O'nu 5-10 dakika izlemek bana asla yetmiyordu. İzlediğim maçlar o kadar da zevk vermiyordu bana. Emre'yle, Alex'le yetiniyorduk keyiflenmek için. Çok şükür bugün ilk 11'de Özer çıktı sahaya ve görsel şölen yaşattı. Maç boyunca gerçek bir forvet arkası oyunkurucu özelliğinde her işi yaptı. Topu aldı, doğru yerlere servis yaptı, oyunu şekillendirdi. Zaman zaman abartmadan müthiş şık, o çok bahsettiğimiz ince bilekleriyle çalımlar attı, rakibi ipe dizdi. Kaleyi de yokladı 2 kez. Burda ikisi de köşelereydi ve en önemlisi de biri sağ diğeri de sol ayaklaydı bu şutların. Emre'nin pasına koşuşu vardı ya, aslında Emre'nin pasına koşmadı. Önceden içeriye hareketlendi ve Emre'ye pası attırdı o koşusuyla. Bir de arapası bıraktı ki enfesler enfesiydi. Kendi ekseninde dönerek plaseyi Carlos'a öyle kıvamında bıraktı ki tek pasla Kazım golle tanışmış oldu. Harika bir futbol, büyük keyif.

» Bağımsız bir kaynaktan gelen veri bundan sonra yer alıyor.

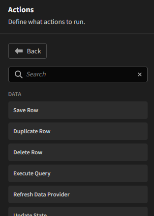 However at this point it is already clear for me that I am not the target population of Budibase. It has a lot more predefined structure and order than Openblocks. From my understanding, Budibase is a system to build a complete app with as little code as possible and as much support from the framework as possible (see below: actions on a button). I am looking for a way to make a quick frontend by drag&drop and make it do what I want. It’s probably possible to make “my app” in Budibase, but I will work around the system rather than with it.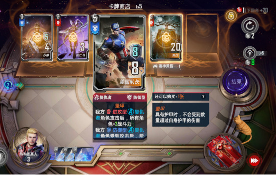 卡牌的过滤情况直接影响你胜率的20%甚至30%,什么意思呢,看下图,携带卡组中我只带了一张美国队长,如果我把这张美国队长买下来,然后刷新商店,那么商店不会在出现美国队长这张牌,这样可以大幅度提升你刷新到核心卡的概率。

Golü attıktan sonra tipik bir şekilde Fenerbahçe geriye çekildi ve kontrollü oyuna geçti topyekün. Ama ciddi de baskı oldu 60-65. dakikalar arasında. Bu baskıyı bitiren ise sahanın mükemmeli Özer'di. Topu aldı ve önce 2 şık çalım attı. Ardından bi pas attı ve topu aldı. Topu alır almaz sırtı dönükken rakibe, faul aldı. Defans orta sahaya kadar çıkıp faulü de Volkan kullanırken takım baskıyı kırmış oldu.

Alex'in tartışmasız veliahtı olarak gördüğüm Özer, bugün beni hiç yanıltmadı ve hatta beklediğimden fazlasını da verdi bana. Alex'le kıyaslarsak daha çok koştuğunu, ondan daha çalımcı olduğunu söyleyebiliriz. Ama onun kadar skora katkı yapamayacağı kesin olan tek şey, dünya üzerindeki bütün oyuncular için de kesin olduğu gibi.

21 Eylül 2009

Hala gelmeyen rotasyon | Fenerbahçe 1-0 İ.B.B.


Vederson'un frikik golü videosu (tribünden çekim)

Kötü futbolun sinyali apaçık Twente maçında alınmış olmasına rağmen ısrarla 1-2 oyuncu değişikliğiyle maçlara çıkılması kötü futbolu tetikliyor. Tabi ki demiyoruz ki Zico gibi vur deyince öldür. Yapma 9-10 oyuncuyla rotasyon tabi. Ama kenarda ilk 11 kalitesinde çokça adam var. Deivid, Uğur, Semih, Selçuk bu takımda son 2 sezonda ilk 11 çıktı ve bugün yedekteydiler. Bitik bir Santos'un, afyon yutmuş Kazım'ın yerine bunlara rahatlıkla ilk 11'de şans verebilirdi. Güzia'daki düşüş ortadayken Semih oynayabilirdi. Bu rotasyonu yapmadığı için hem kenardaki adamları paslandırıyor Daum, hem de sahadakileri yıpratıyor. Andre Santos çok pozisyonda topa gitmeye üşendi güçsüzlüğünden. Uğur'u al, parçalasın topu hırsıyla. Semih'i al top saklasın, takımı rahatlasın, gol atsın ve güveni yerine gelsin...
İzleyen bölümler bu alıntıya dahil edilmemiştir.